CHAPTER 7 KORI
CHAPTER
KORI
My sleep is brief, not troubled but vivid.
In my dream, Charon’s wingspan barely fits between the sheer verticality of the obsidian mountains, their jagged edges visible only by faintly twinkling starlight.
I bring Charon down slowly, carefully, to rest beneath a vast outcropping of stone.
It casts my entire cockpit into chilling darkness.
I close my eyes, just for an instant, to gather my thoughts—
And open them, awake in the cockpit, back in the settlement, where everything began.
My hand remains on the Morpheus sphere in my pocket, where I stored a new memory.
Not a stranger’s from the market, this time, but one of my own.
Presented with the possibility of a forbidden nightfolk memory, I had no time to find a suitable trade from one of my clients, so I resorted to pilfering my own mind’s cluttered storage.
I can feel an outline of where the memory once resided, like the imprint of a hand in sand, but it’s already distant, slipping. A strong enough wind could blow it away entirely, tossing the sand back into chaos.

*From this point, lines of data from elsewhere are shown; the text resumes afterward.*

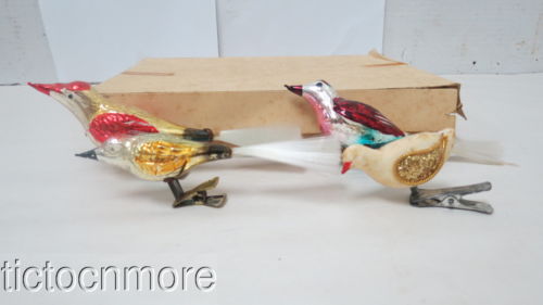 Title (ebay affiliate link): VINTAGE CHRISTMAS TREE CLIP ON GLASS HANDPAINTED BIRD CHRISTMAS ORNAMENTS & BOX
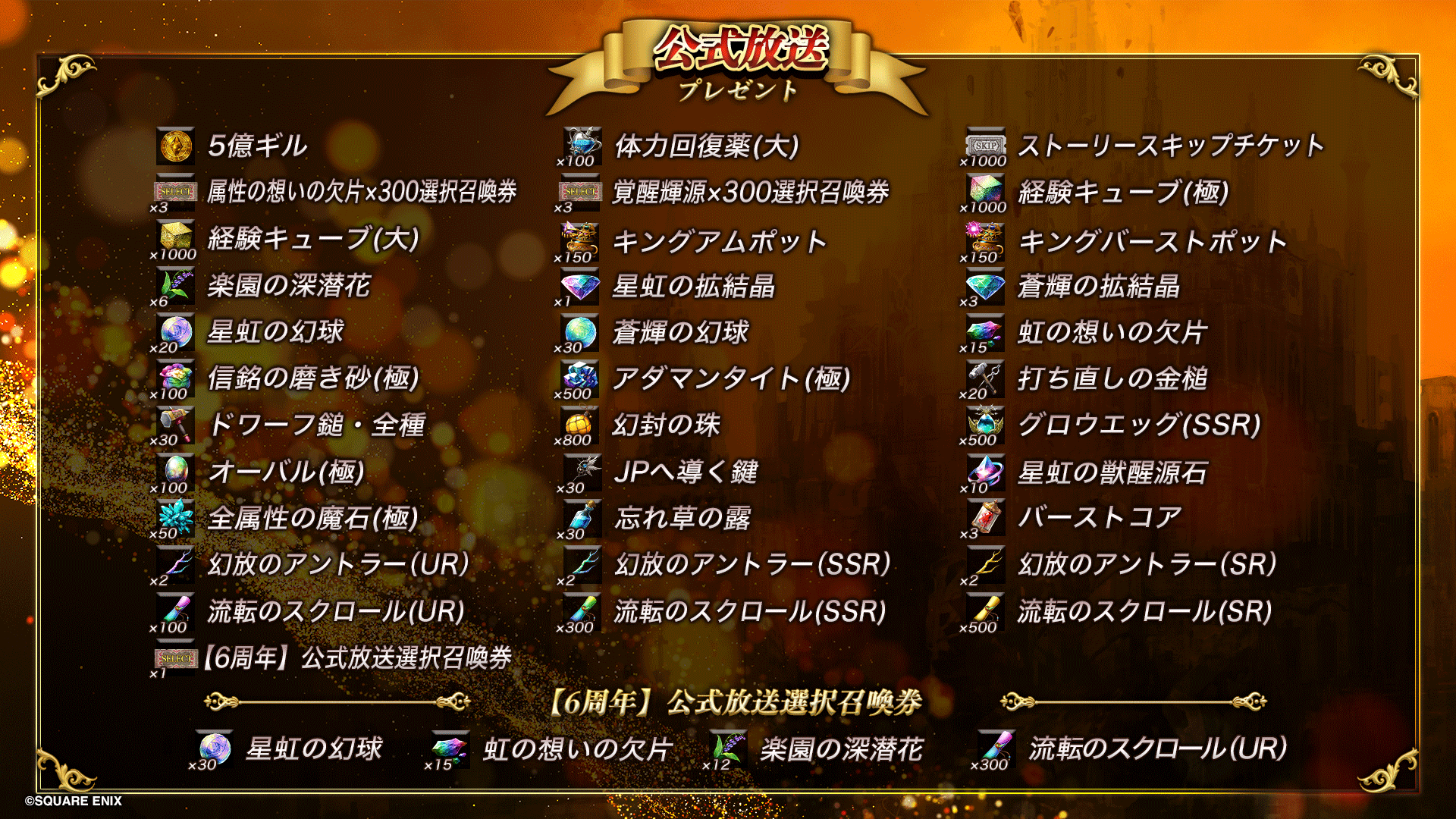 2025年10月28日(火)20時より放送した『FFBE幻影戦争』6th Anniversary直前!~コラボ&最新情報大公開SP~で発表された内容をご紹介します。
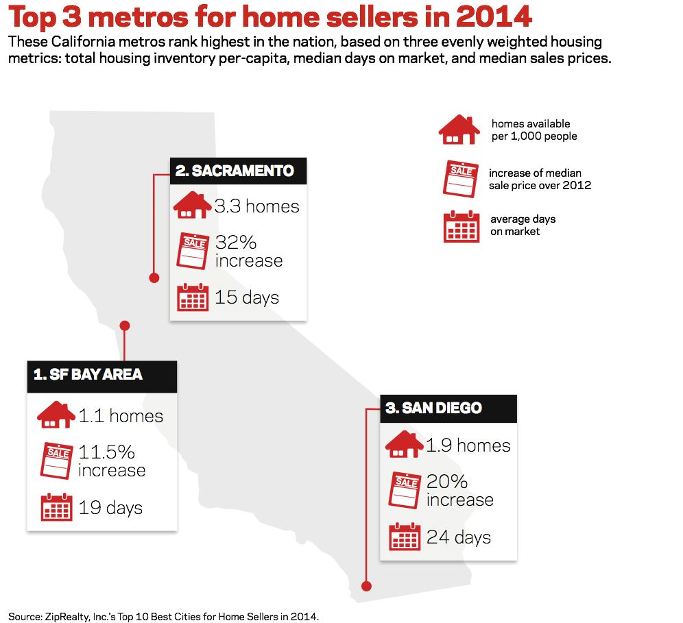 According to ZipRealty, Inc., (a residential real estate brokerage firm and marketing solutions provider) California is the place to be if you’re selling a home in 2014.
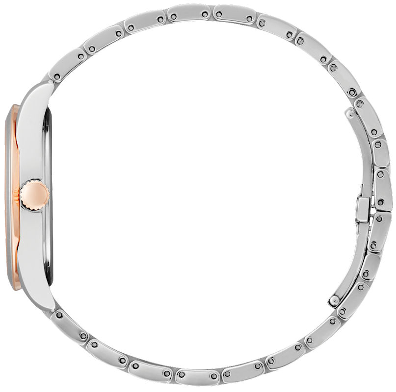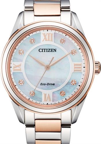 Citizen ladies dress model EM0876-51D from Arezzo Collection. Powered by quartz movement that never needs a battery - it runs on light! Steel case with bracelet and rose gold tone accents. Mother-of-Pearl dial with Roman and diamond markers.
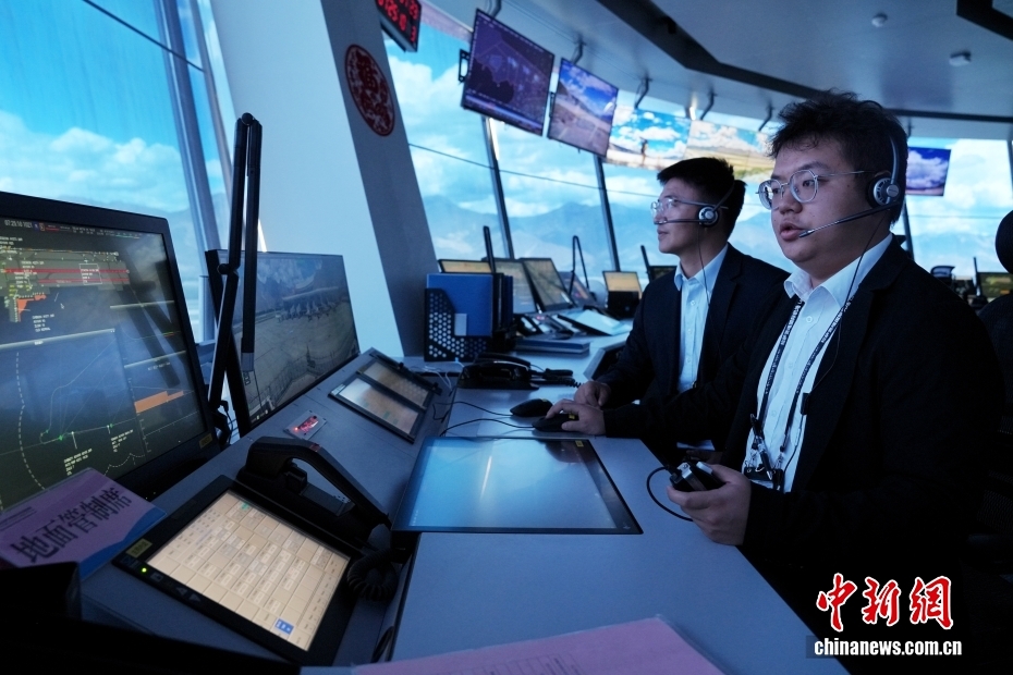 2025年是西藏自治区成立60周年,也是西藏民航通航60周年。在民航空管领域,管制员肩负指挥飞机运行、保障飞行安全等重要职责,具体分为区域管制员、塔台管制员等角色。在位于拉萨贡嘎国际机场的民航西藏空管中心,59名汉族和18名藏族管制员通力合作,以“老带新”“传帮带”,在守护蓝天的岗位上谱写了汉藏一家亲的故事。图为7月22日拍摄的民航西藏空管中心塔台。中新社记者 张祥毅 摄

It’s of the first time I stepped aboveground again after a long, icky flu as a child.
The sun flooded my gaze, even through my necessarily masked face.
The heat was cleansing, renewing, boiling the clinging remnants of sickness away.
Beautifully blue sky swept like a paintbrush in every direction, shimmering from the intensity of the Daylands’ heat, blue and blue and blue into infinity, puffs of cloud adorning its breadth.
There, aboveground, everything was sunlight. Anything felt possible again.
Aspect nudges my hip with a metallic foot. “Kori makes—loud unpleasant—exhalations—when recharging—sometimes.”
I blink, clearing the lingering sheen of sleep from my eyes. “Are you saying I snore?”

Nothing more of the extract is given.